Birthplace: Cambridge, England

Best known as: The British economist who created macroeconomics

John Maynard Keynes was one of the most influential economic thinkers of the 20th century. He was born the son of an economics lecturer at Cambridge University in 1883, the year of Karl Marx's death. After being educated at Eton College he entered King's College and studied economics while president of the Cambridge University Liberal Club. He built up his reputation as a lecturer at Cambridge before working for the Treasury during the First World War on overseas finances.

He became famous after World War I with The Economic Consequences of Peace, his 1919 critique of the Versailles Peace Conference. (He thought the harsh reparations demanded of Germany would lead to economic instability -- and they did.) His 1936 book, General Theory of Employment, Interest and Money, made him the most famous and influential economist since Adam Smith. Keynes's notion that governments should intervene in times of market distress eclipsed Smith's theory of capitalism and has influenced Western democracies since the 1930s.
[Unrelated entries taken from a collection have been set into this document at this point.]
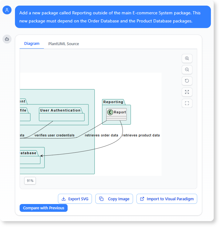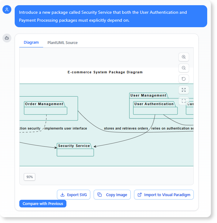 The AI Chatbot responds by creating a detailed, multi-layered architecture instantly. This model includes five major component groups (e.g., Product Management, Order Processing, User Management), ten nested sub-packages, and proactively introduced advanced UML concepts like Generalization and Realization for managing UI components. This rich output accelerates the design process by immediately providing a strong, compliant foundation.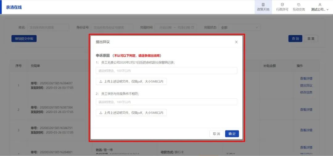 针对每条“不通过名单”的原因可输入申诉说明。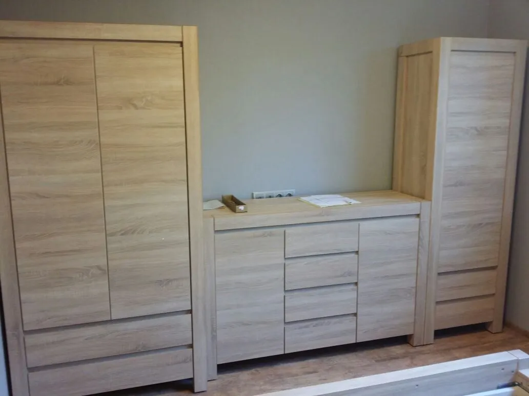 Мебель купили дочке в детскую. Так как на тот момент в нашем городе проходила акция - действовала большая скидка. Купили сразу диван, два шкафа, шкаф навесной, стол, комод и зеркало. Выбирали недорогую, чтобы поменять, когда подрастет. Из плюсов - выглядит очень стильно. Минусы - сборщику пришлось повозиться укрепляя задние стенки шкафов, дно выдвижного ящика в диване и направлчющие во всех ящиках комода. Сборщик опытный, поэтому такие моменты знал заранее. Остальное очень даже неплохо. Писменный стол не царапается, кромка не отходит. На комоде у дочки стоит моя косметика, часто на поверхность попадает лак для волос или косметическое масло и ничего, все ОК. Еще удобно, что диванные чехлы легко снимаются и стираются в обычном режиме, не теряя форму. Стирали уже два раза. После двух лет эксплуатации могу рекомендовать как бюджетный и стильный вариант детской.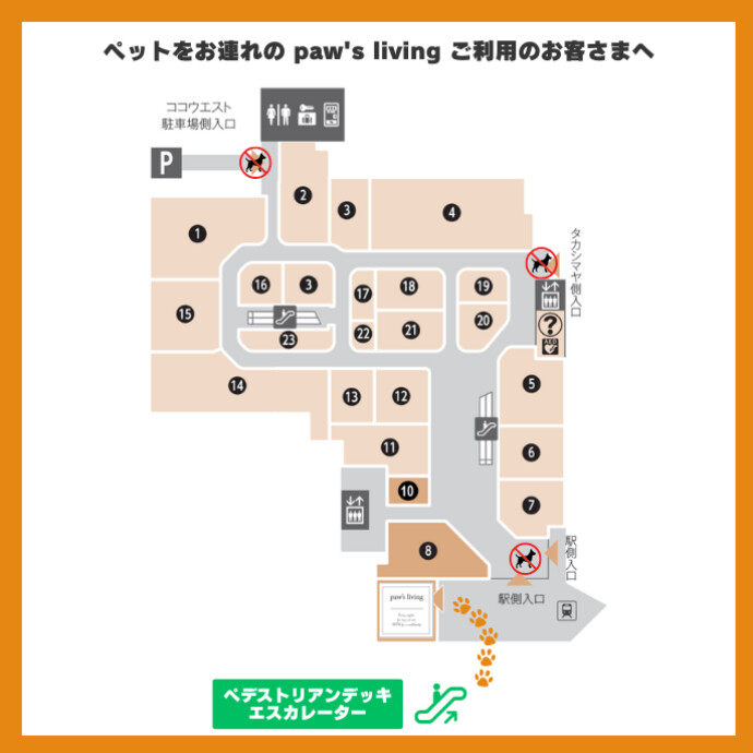 当館は「2F paw's living」を除く全館で、ペットのご同伴はご遠慮いただいております。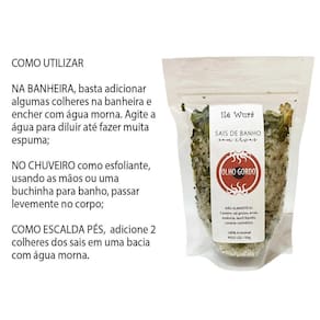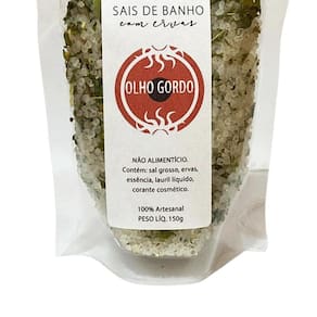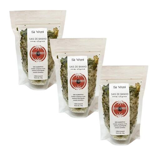 Kit 3 Sal de Banho contra OLHO GORDO com ervas Ilê Wurá Sais de banho OLHO GORDO - Contra Olho Gordo e Inveja Para chuveiro ou banheira. Produto artesanal com finalidade ritualística e fitoenergética. Não cosmético, não alimentício. Contém sal grosso, ervas desidratadas e essência. Não contém corante. Esse sache contém 150 gramas. Como utilizar ------------- - Na banheira, para relaxar e ter uma experiência incrível no seu banho, basta adicionar algumas colheres na banheira e encher com água morna; - Como esfoliante, usando as mãos ou uma buchinha para banho, passar levemente no corpo; - Como Escalda Pés, adicionando 2 colheres dos sais em uma bacia com água morna. Marca: Não Informado
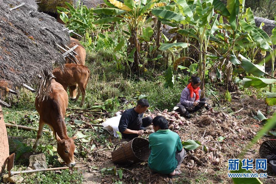 12月3日,在云南省瀾滄拉祜族自治縣南嶺鄉(xiāng)勐炳村龍?zhí)独险?,村民在芭蕉地里做農(nóng)活。 新華社記者張瑞琪攝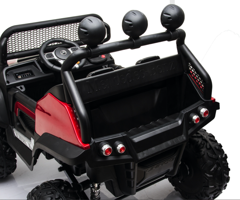 Der Mercedes-Benz Unimog 12V ist das perfekte Offroad-Erlebnis für kleine Entdecker. Mit vier leistungsstarken 12V-Motoren (Allrad) und einer 7Ah Batterie bietet dieser kompakte 2-Sitzer (bis 30 kg belastbar) beispiellose Power auf jedem Untergrund.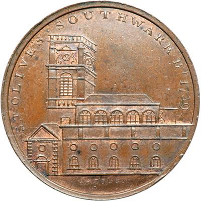 Middlesex. Skidmore's. Halfpenny, ND. D&H-672. Edge: Plain. St. Olive's. Reverse: Cypher. NGC graded MS-64 Brown.

Written during the depths of the Great Depression, his book argued that in order to keep people fully employed, governments have to run deficits when the economy is slowing. In other words the government should spend money it doesn't have to keep the economy afloat. His ideas were adopted in the US by Franklin D Roosevelt. As the Depression deepened following the failure of other economic policies Roosevelt reluctantly embraced Keynes' suggestions. "I came to the conclusion that the present-day problem calls for action both by the Government and by the people, that we suffer primarily from a failure of consumer demand because of lack of buying power. Therefore it is up to us to create an economic upturn," he said in an address to the American public. He would do this by making "additions to the purchasing power of the Nation," he added. The grand experiment worked almost exactly as Keynes had predicted and his idea became the cornerstone of US fiscal policy, with Richard Nixon proclaiming years later: "We are all Keynesians now".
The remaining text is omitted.